Наверное, мне тогда было года четыре или, может быть, пять — не могу вспомнить, было это до Освобождения или после. Конечно, я не понимал ничего из того, что было написано в отцовском блокноте. Мне просто нужна была некая вещь, с чем я мог бы изображать отца; к примеру, блокнот — в точности как у него. Но даже тогда я понимал, что ни в коем случае нельзя допустить, чтобы история с блокнотом выплыла наружу. Я упрятал блокнот подальше, в коробку в ящике комода в свободной комнате.

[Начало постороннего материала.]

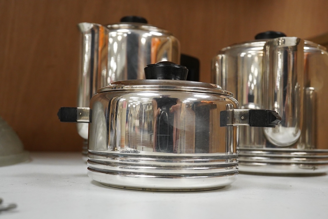 An Art Deco Christofle Gallia four piece silver plated tea set, largest 20cm wide

А потом забыл про него.

Забыл лет на двадцать, если не больше. Я вырос, стал жить отдельно, поступил в университет. Занялся теоретической физикой. После смерти отца мать решила продать старый дом и купить другой, поменьше. Она попросила меня приехать помочь разобраться с вещами. Мне было странно вернуться туда, где я жил ребенком — нет, я довольно часто бывал у родителей, но теперь, среди пустых буфетов и упаковочных ящиков, вновь погружаясь в прошлое, я вдруг очень остро ощутил все прошедшие годы. И вот в свободной комнате, в глубине ящика, в коробке, я нашел блокнот, который спрятал там много лет назад. Он лежал себе там тихонько все эти годы. Я открыл его и увидел разноцветные каракули, намалеванные на страницах моей, тогда еще совсем детской рукой. Теперь я уже осмысленно прочитал записи, сделанные отцом, — заметки полицейского, которые я украл. Может быть, из-за потери этого блокнота у отца были крупные неприятности. А может, он скрыл от начальства, что потерял блокнот, и написал новый — какие-то записи восстановил по памяти, а какие-то просто выдумал. Может быть, мой детский проступок стал причиной неожиданного освобождения одного человека — и приговора другому.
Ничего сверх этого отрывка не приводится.